Добавить в цитаты Настройки чтения

Страница 21 из 36

София всегда знала об условиях своего замужества, и ей никогда и в голову не приходило усомниться в правильности отцовского плана. Она родилась с осознанием того, что положение в обществе влечет за собой определенные обязательства. Но, с другой стороны, жизнь состоятельной молодой леди в Лондоне, не знающей иных забот и хлопот, кроме выбора платьев и партнеров по танцам да очаровательного поведения по отношению к друзьям отца, была и впрямь очень сладкой. По сравнению с балами и зваными приемами, увеселительными парками и театрами, долг не выглядел слишком уж заманчиво, и она не видела причин спешить к алтарю, обрывая чрезвычайно приятное времяпрепровождение.

В глубине души София считала своих фатоватых и тщеславных поклонников стаей павлинов и, подобно отцу, не видела ни в одном из них своего будущего супруга, зато у них самих пользовалась авторитетом признанной красавицы. Они были забавными, а большинство умели весьма недурно танцевать. А вот ухажеры, знакомство с которыми отец понемногу начал навязывать ей, вызывали у девушки раздражение. Она недоумевала, как такой умный, образованный и известный человек, как ее отец, мог рекомендовать ее вниманию подобных флегматичных и не располагающих к себе личностей. Его званые ужины, во время которых он представлял ей кандидатов из своего списка, понемногу превращались для нее в настоящую пытку, пока она с трудом находила общие темы для разговора с одним олухом средних лет за другим.

И вдруг она поняла, что готова потерять голову из-за темноволосого, синеглазого, крепкого и сильного ирландского джентльмена, который не был ни павлином, ни занудой, а вел себя одинаково обаятельно со всеми.
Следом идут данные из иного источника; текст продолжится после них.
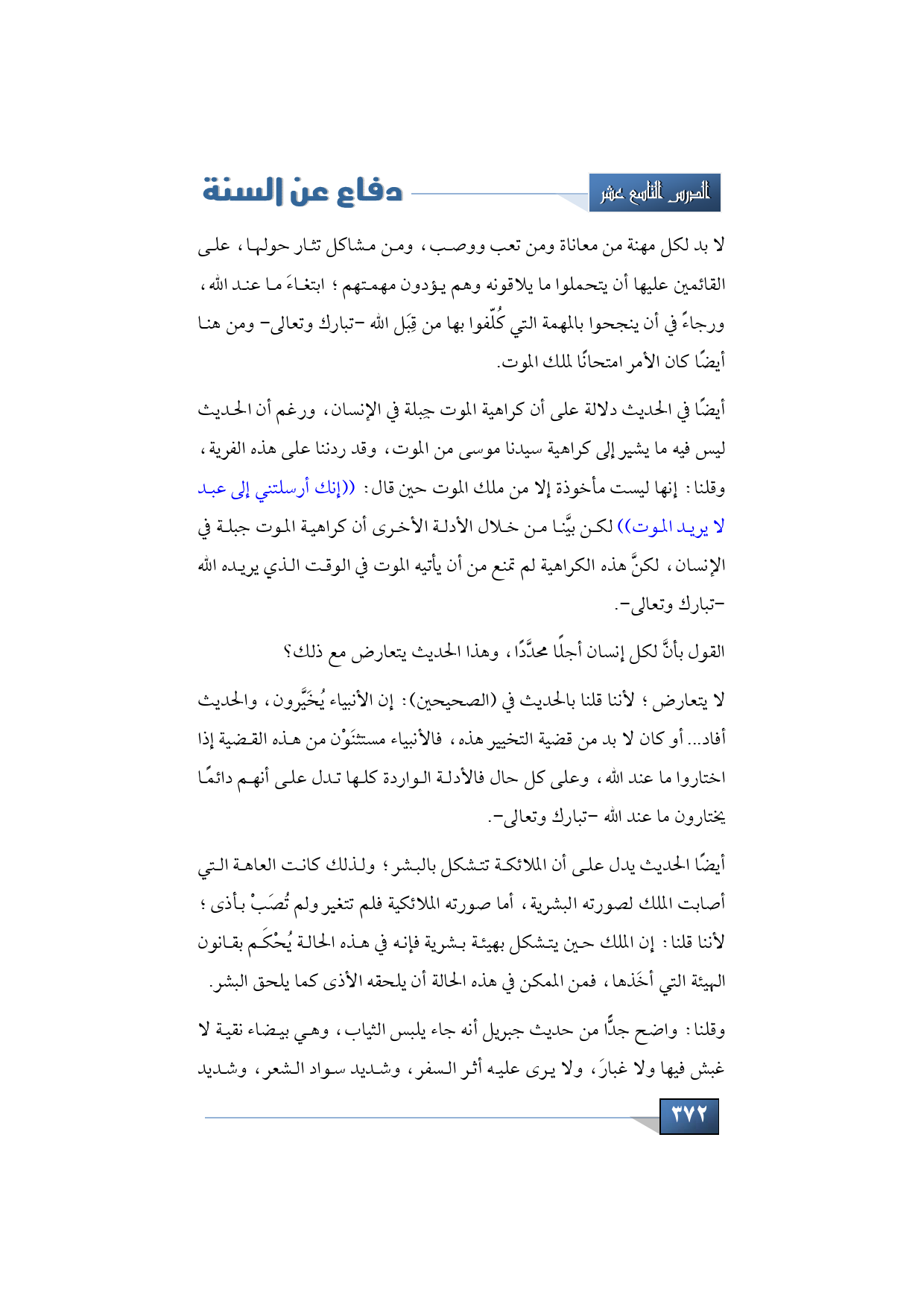 لا بد لكل مهنة من معاناة ومن تعب ووصب، ومن مشاكل تثار حولها، على القائمين عليها أن يتحملوا ما يلاقونه وهم يؤدون مهمتهم؛ ابتغاءَ ما عند الله، ورجاءً في أن ينجحوا بالمهمة التي كُلّفوا بها من قِبَل الله -تبارك وتعالى- ومن هنا أيضًا كان الأمر امتحانًا لملك الموت.

Каким-то непонятным образом он притягивал к себе взоры всех присутствующих, стоило ему войти в комнату. Он оживлял любую компанию, к которой присоединялся, поддерживал дружеские отношения с теми, кто был младше его, и сохранял подчеркнуто уважительный тон с теми, кто превосходил его возрастом. Его изысканные манеры и обыкновение смотреть женщине прямо в глаза – словно говоря при этом: «Ах, какая красавица! Пусть мое сердце невозбранно разговаривает с вашим» – заставляли трепетать сердца и юных, и зрелых дам. Он любил танцевать и так часто выбирал своей партнершей Софию, что окружающие не могли этого не заметить, соглашаясь с тем, что ее красота и его галантность прекрасно дополняют друг друга. У него всегда находилась в запасе какая-нибудь новая забавная история, отчего она весело смеялась, и неизменный комплимент, полный скрытого смысла, заставлявший ее заливаться жарким румянцем. А однажды вечером, во время перерыва в танцах, он увлек ее в оранжерею, где среди цветущих апельсиновых деревьев сжал в объятиях и очень медленно, но настойчиво и приятно поцеловал. У Софии закружилась голова от тяжелого запаха апельсиновых цветков и трепетного прикосновения его усиков к ее губам, шее и ложбинке за ухом. Это было самое восхитительное и волнующее ощущение, которое она когда-либо испытывала, и ей очень хотелось, чтобы он и дальше продолжал целовать ее, но им помешала какая-то парочка, пожелавшая сорвать несколько цветущих побегов для девичьей бутоньерки. И Софии с неохотой пришлось вернуться к танцам.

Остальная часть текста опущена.